Twenty-two patients suffered non-relapse mortality (30%), eighteen within the first year after allo-SCT (24%). Twenty-eight (38%) patients relapsed, a median of 99 days after allo-SCT (range 33–1089 days), relapse was fatal in 96% of cases with one patient still alive 81 days after relapse at the time of analysis, the median survival after relapse was 85 days (range 0–1328).
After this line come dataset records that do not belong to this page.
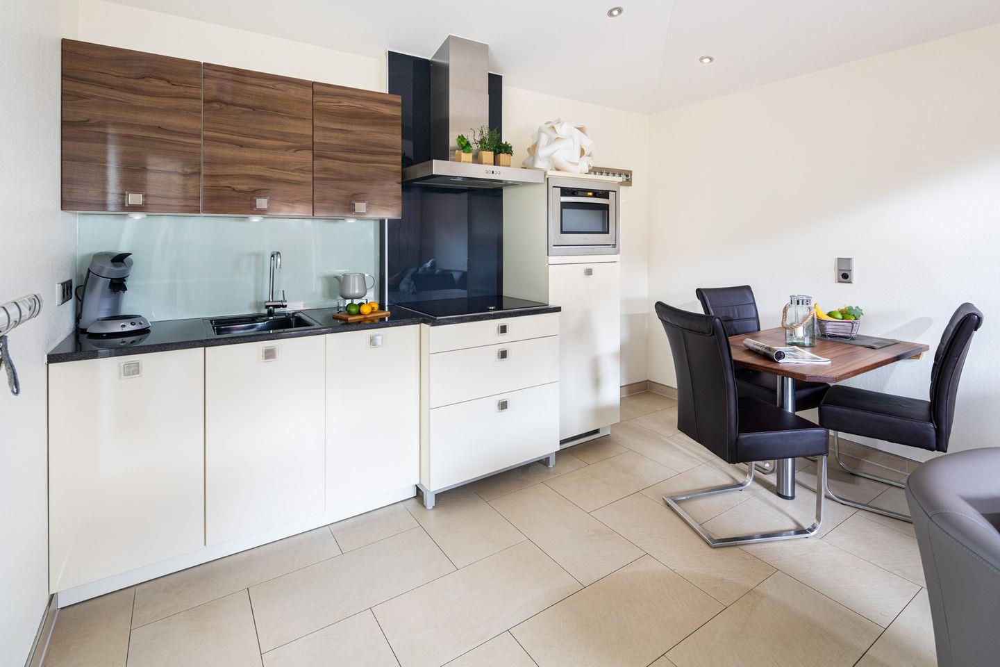 Neben dem Essbereich verfügt die Wohnung über eine gut ausgestattete Küche mit einem Ceran-Kochfeld,Backofen, Geschirrspüler, Toaster, Wasserkocher, einer Senseo-Kaffeemaschine sowie einer Kaffeefiltermaschine und einem Kühlschrank. Im Schlafzimmer befindet sich ein Doppelbett (180×200cm) mit Smart-TV. Auch ein Reisebett und ein Hochstuhl stellen wir für die kleinen Gäste gern kostenlos zur Verfügung. Die kleine Terrasse ist ganz alleine für Sie da. Ob Frühstück oder ein Glas Wein am Abend nur einen Schritt zur Tür raus und schon sitzen Sie im freien. Das Bad ist mit einer Dusche, einem WC und Fön ausgestattet. Hunde sind bei uns nach Absprache herzlich willkommen.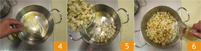Aqueça um fio de óleo em uma panela 4, adicione as peras 5 e cozinhe por 2 minutos em fogo alto. Flambe as peras com o rum 6.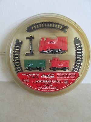 Title (ebay affiliate link): Older Popcorn Tin Lid With Toy Coca Cola Plastic Battery Operated Train w/Track

Twenty-six patients (35%) had active disease immediately prior to allo-SCT, only three were alive at time of analysis (12%) including one with ongoing relapse.

Design and validation of a multi-gene RQ-PCR array for AML (MG-MRD)

We previously reported expression of potential leukemia associated antigens51 using a highly reproducible RQ-PCR array in primary untreated human AML samples 47. We re-analyzed this dataset to focus on 13 out of 30 peripheral blood samples that lacked WT1 expression of at least 50 fold higher than the median seen in normal individuals (Figure 1). We identified that a combination of Cyclin A1 (CCNA1, Gene ID: 8900), Proteinase 3 (PRTN3, Gene ID: 5657), preferentially expressed antigen in melanoma (PRAME, Gene ID: 23532) and Mesothelin (MSLN, Gene ID: 10232) could provide at least one gene overexpressed at least fifty fold in 9 of these 13 patients, which together with WT1 would provide at least one gene highly overexpressed in 26 of all 30 newly diagnosed untreated patients (i.e.: 87% sensitivity for at least one fifty fold overexpressed gene).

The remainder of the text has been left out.